All these years, I believed the First Amendment protected the right to publish or say anything you like without government interference. And while implicit in that is the “right” to lie, I always believed the First Amendment does not protect one from the consequences of false statements.

Some attorneys believe it does and have argued such in motions in court.

Where was this defense when I was a kid growing up and got caught doing something I shouldn’t?

It seems some would have us accept that the First Amendment is the ultimate shield to bearing any responsibility for their actions. If we accept that lying about anything is a constitutional right, it does not mean immunity from any criminal acts resulting from those lies.

Here’s a hypothetical. Let’s say someone in a position to know tells me my vote was changed. Based on that, I attack the institution named as responsible. Since I believed this person, even if they were lying about it for their own gain, I must be immune from any responsibility.

They had the right to lie, I had the right to accept the delusion and act on it.

Really?

To refresh everyone’s concepts of the two major forms of writing or stating false statements, we have these definitions in the English language.

Defamation: the act of defaming; false or unjustified injury of the good reputation of another, as by slander or libel; calumny:

Libel: defamation by written, printed, or broadcast words or pictures.

Thus, the government, under most circumstances, cannot stop anyone from writing or saying anything before they publish or proclaim it—there is no prior restraint—with very few exceptions. Let’s say a government official who claims to have Top Secret material and intends to show it to individuals without clearance in locations incapable of providing adequate protections. Some would have us believe this is perfectly acceptable even if they were lying about it.

But there are some practical and ethical limitations here which any mature adult would recognize as reasonable given their positions and experience.

For example,

If I were to publish a blog piece saying I intended to launch a nuclear attack on some country, no one would be alarmed or concerned.

If a sitting President were to do the same thing—perfectly lawful in the eyes of some legal counsel and others—it might be more problematic.

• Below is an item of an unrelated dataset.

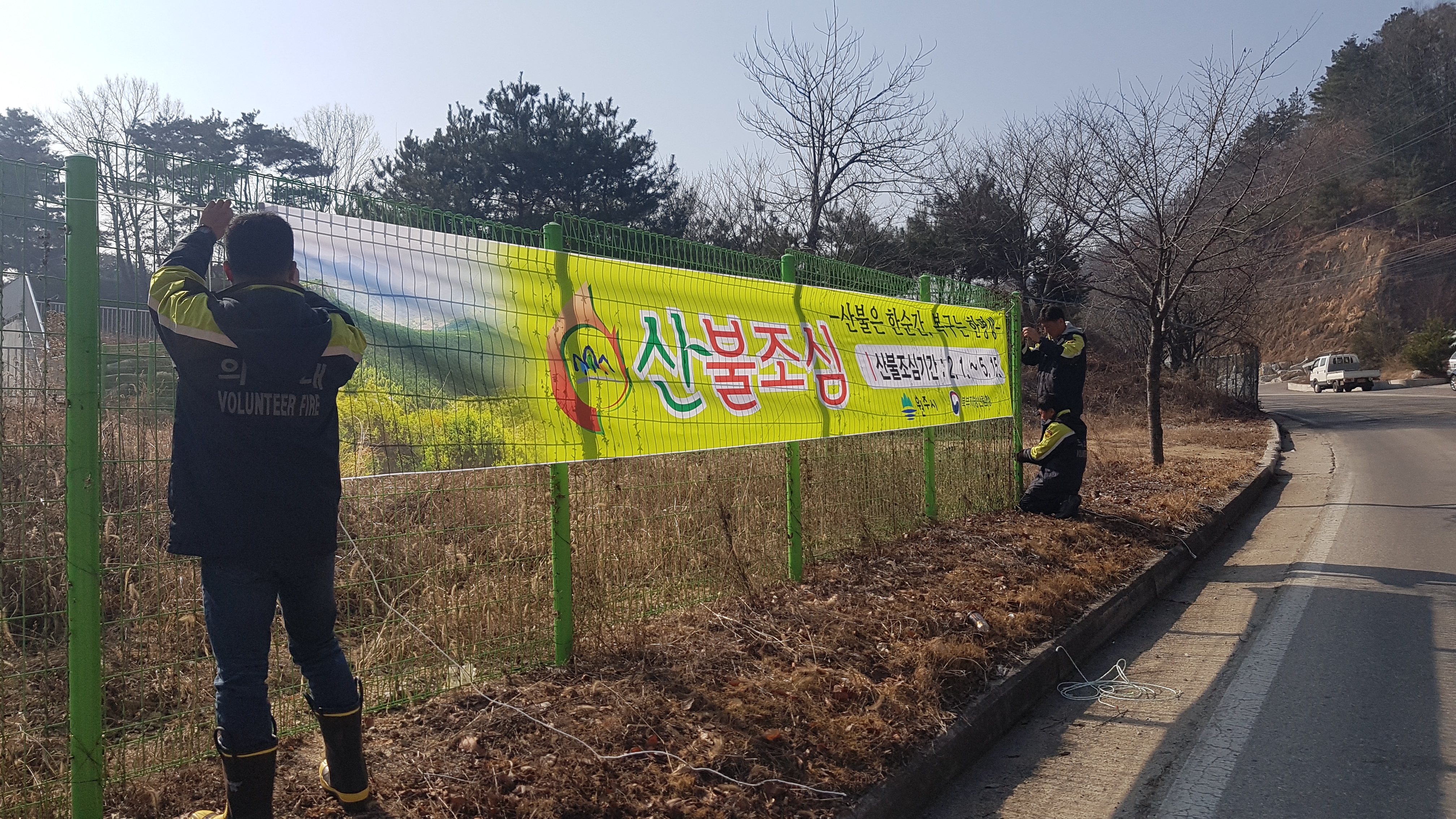 흥업남성의용소방대" 대안3리 농작물 소각활동 및 현수막 설치"

If I were to claim the US Government is orchestrating a wide-ranging conspiracy to conceal a child sex trafficking ring from an obscure Pizza Parlor controlled by current and former government officials, most people would believe I had been over-served in a bar, experimented with some mind-altering substances, or just was plain Loonie-tunes. I mean, come on, who would believe it?

If the Attorney General of the United States were to make a similar claim, people would be up in arms demanding an investigation and criminal proceedings. That the Attorney General has a First Amendment right to lie hardly mitigates the damage such a statement, from a person in that position, causes.

And so it is with the current situation we find ourselves in America. The public relations campaign is attempting to find a believable, and lawfully defensible, rationale for claiming the election of 2020 was tainted, despite all evidence to the contrary.

Yet the best they can come up with is a First Amendment right to say or write anything, including lies.

How that mitigates the criminality arising from such lies is beyond comprehension.

Next time some ten-year-old is standing near a broken window and says “Wasn’t me” keep in mind a former President and a significant number of Americans believe he has every right to do so. They conveniently leave out the part that, under the First Amendment, while you may lie about anything and everything, it does not mitigate the truth or the consequences.

Shakespeare said it best.

To thine own self be true, and it must follow, as the night the day, thou canst not then be false to any man.